> Required action: The reply should contain every entry exactly as given, with no pictures in it.

• • • • •

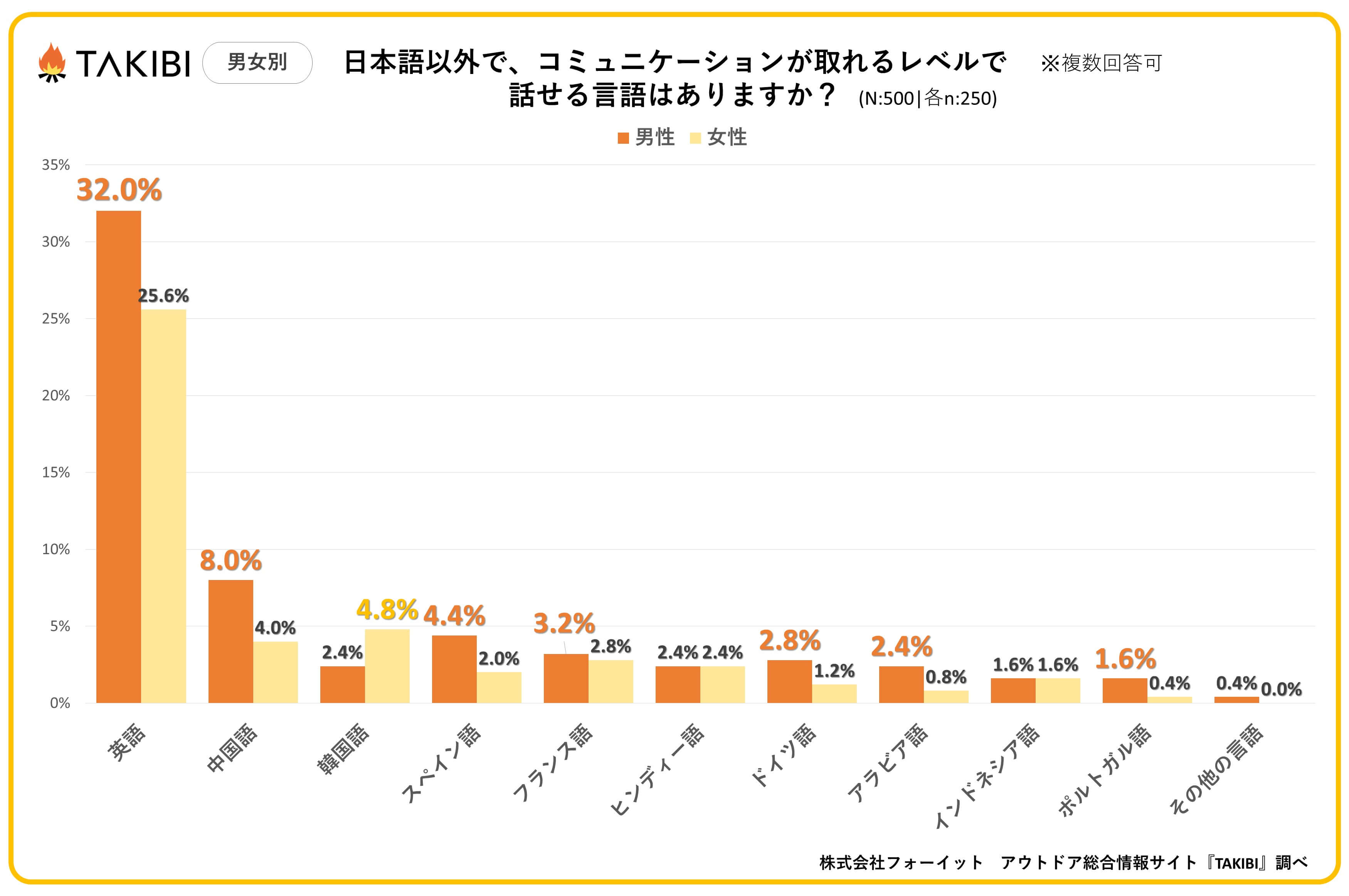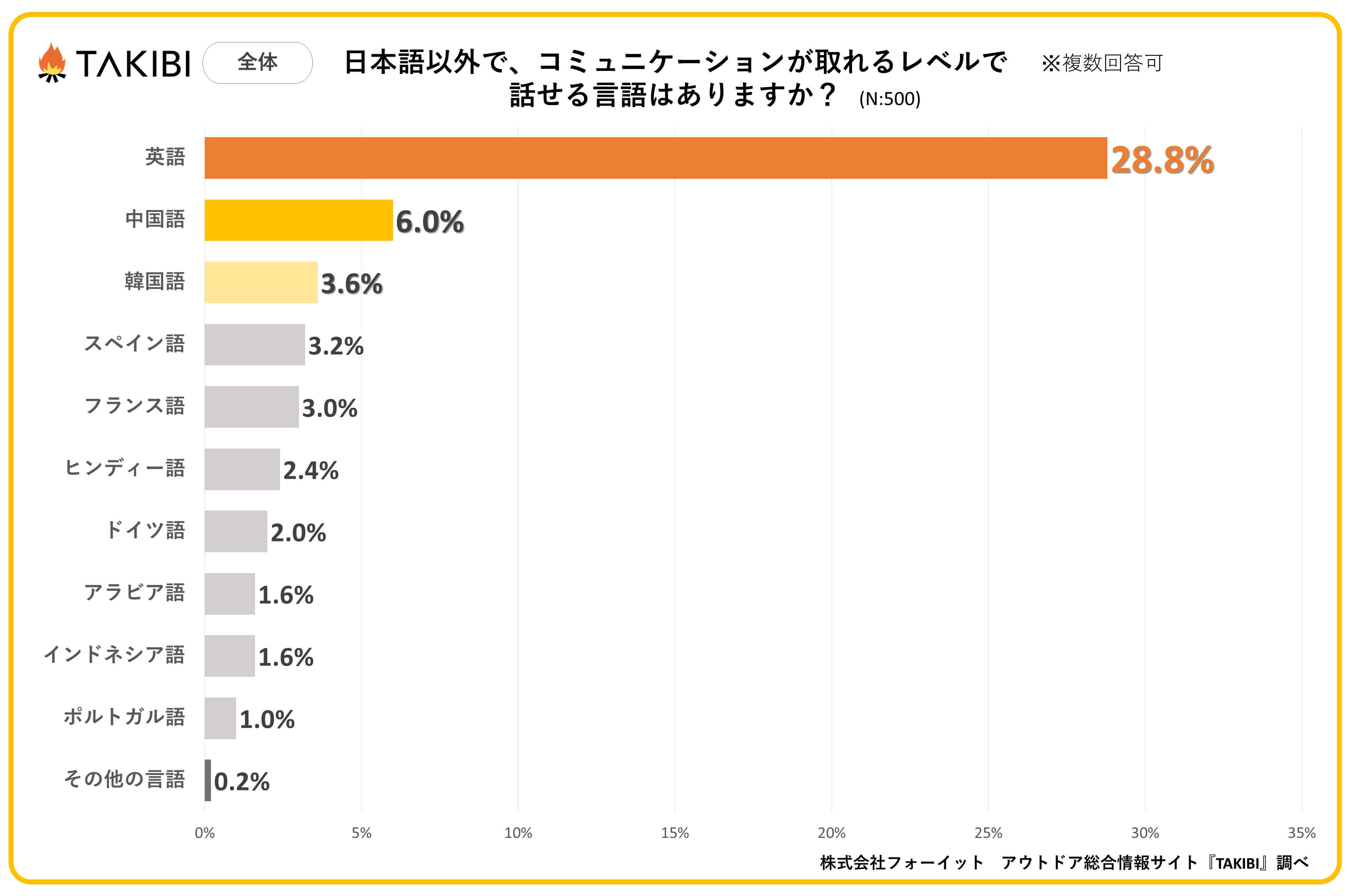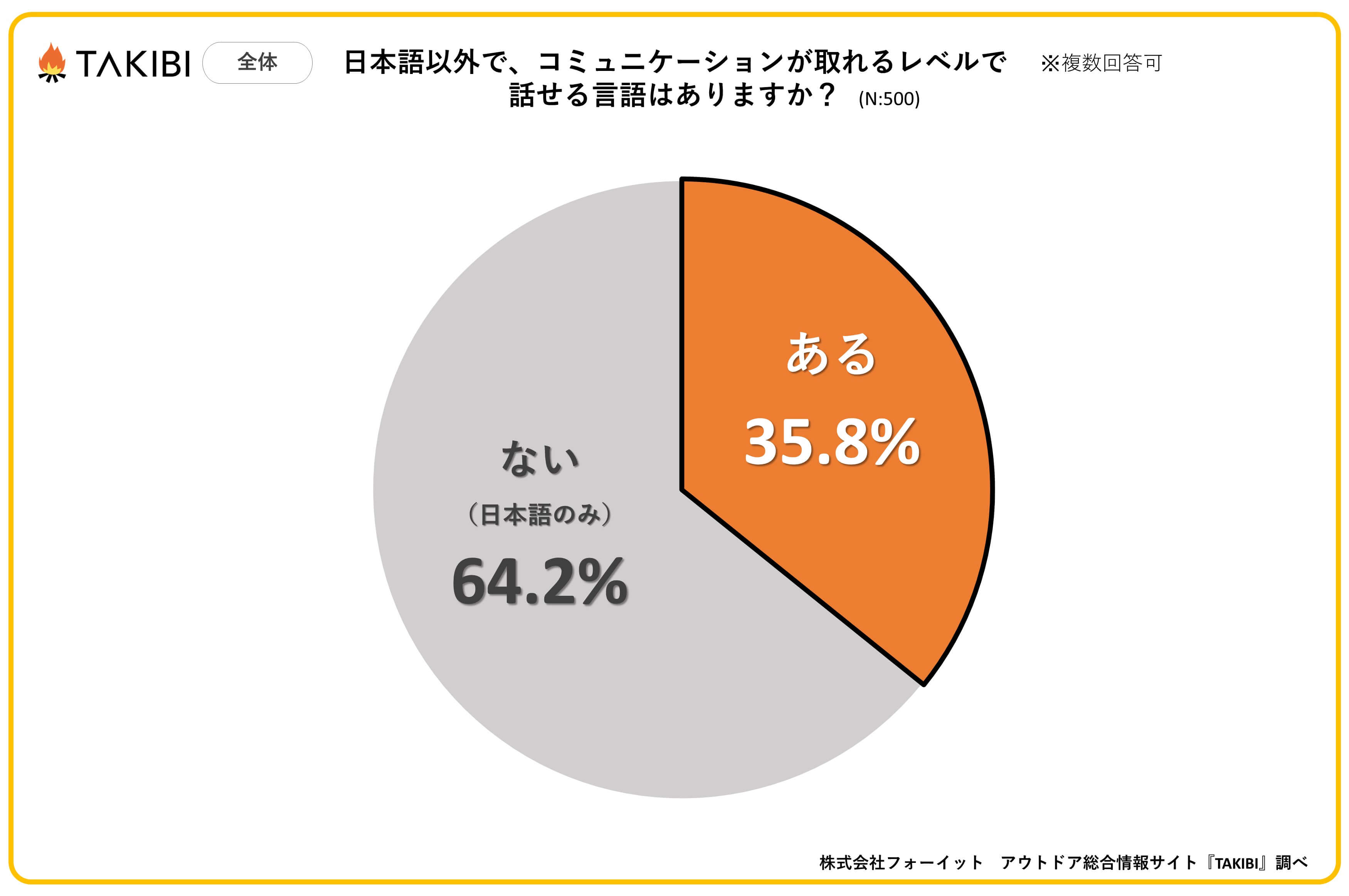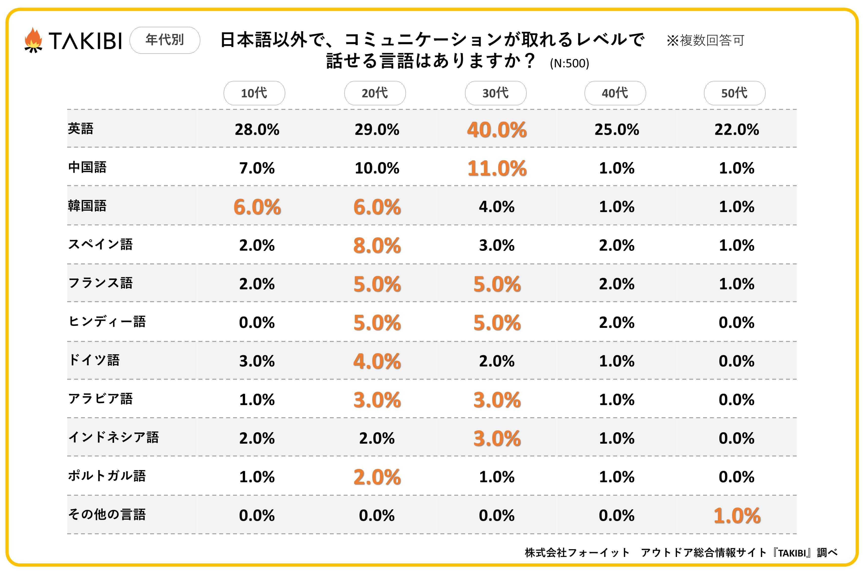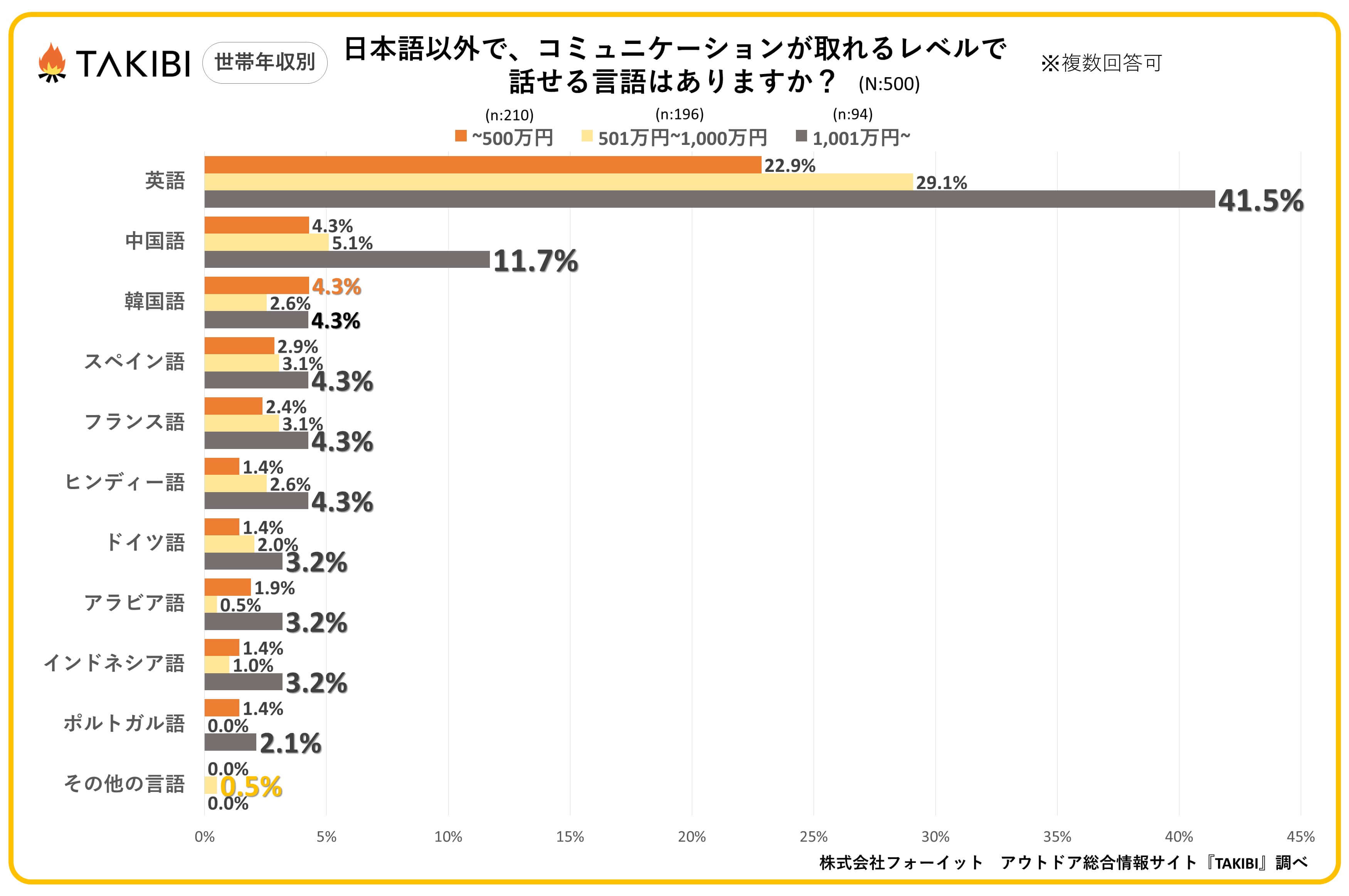 キャンプやグランピングを中心としたアウトドア総合情報サイト「TAKIBI」の運営をおこなう株式会社フォーイットは、全国の10代~50代までの男女500人を対象に言語に関するアンケートを実施し、年代別・世帯年収別等の特徴についてまとめました。
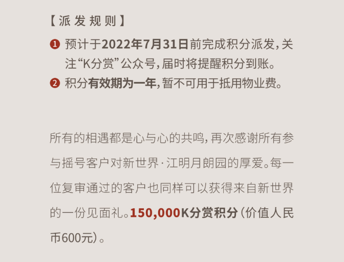 除601位成功选房的业主家人外,K11还大手笔地向每一户参与江明月朗园摇号登记且登记成功的家庭,奉上新世界集团与周大福合资「K分赏」大会员计划的15万积分(250积分抵1元人民币,约600元)。
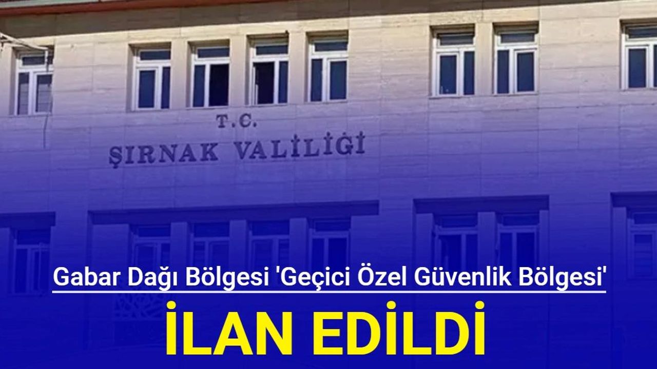 Şırnak Valiliği tarafından bir son dakika açıklaması yapıldı ve Gabar Dağı bölgesinin, 26 Mart-9 Nisan tarihleri arasında 'Geçici Özel Güvenlik Bölgesi' ilan edildiği duyuruldu.
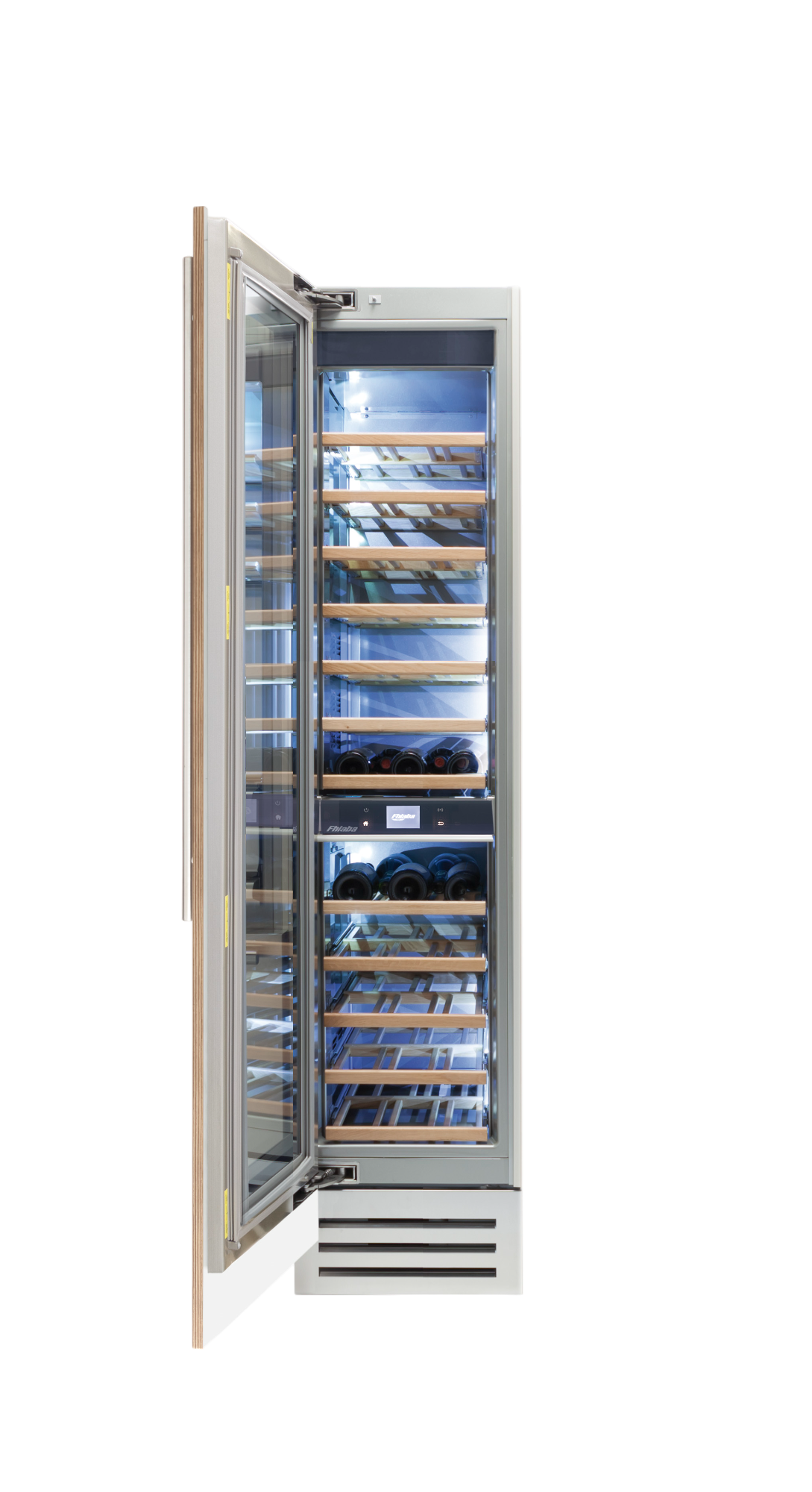 Le cantine vini Fhiaba sono dotate di pregiati ripiani in legno noce canaletto realizzati da artigiani friulani. Sfruttano ogni minimo spazio del vano e accolgono bottiglie con diverse dimensioni e sono completamente estraibili e dotati di chiusura soft per ridurre le vibrazioni.
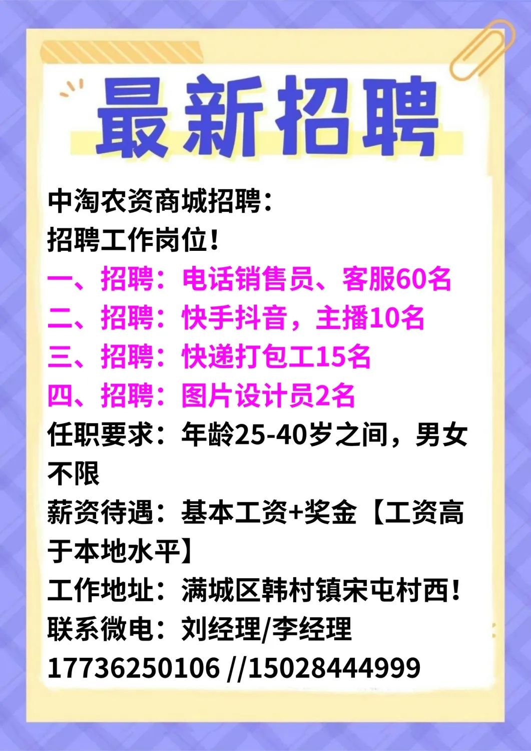 关注我们,每天7:00准时更新最新信息! 🔥置顶急聘 ![]() 【招聘】 岗位详情:中淘农资商城招聘: 岗位福利:[环境好] 工作地址:保定市满城区韩村镇宋屯村西 联系电话:15028444999

• • • • •

> Written response:
 キャンプやグランピングを中心としたアウトドア総合情報サイト「TAKIBI」の運営をおこなう株式会社フォーイットは、全国の10代~50代までの男女500人を対象に言語に関するアンケートを実施し、年代別・世帯年収別等の特徴についてまとめました。
 除601位成功选房的业主家人外,K11还大手笔地向每一户参与江明月朗园摇号登记且登记成功的家庭,奉上新世界集团与周大福合资「K分赏」大会员计划的15万积分(250积分抵1元人民币,约600元)。
 Şırnak Valiliği tarafından bir son dakika açıklaması yapıldı ve Gabar Dağı bölgesinin, 26 Mart-9 Nisan tarihleri arasında 'Geçici Özel Güvenlik Bölgesi' ilan edildiği duyuruldu.
 Le cantine vini Fhiaba sono dotate di pregiati ripiani in legno noce canaletto realizzati da artigiani friulani. Sfruttano ogni minimo spazio del vano e accolgono bottiglie con diverse dimensioni e sono completamente estraibili e dotati di chiusura soft per ridurre le vibrazioni.
 关注我们,每天7:00准时更新最新信息! 🔥置顶急聘 ![]() 【招聘】 岗位详情:中淘农资商城招聘: 岗位福利:[环境好] 工作地址:保定市满城区韩村镇宋屯村西 联系电话:15028444999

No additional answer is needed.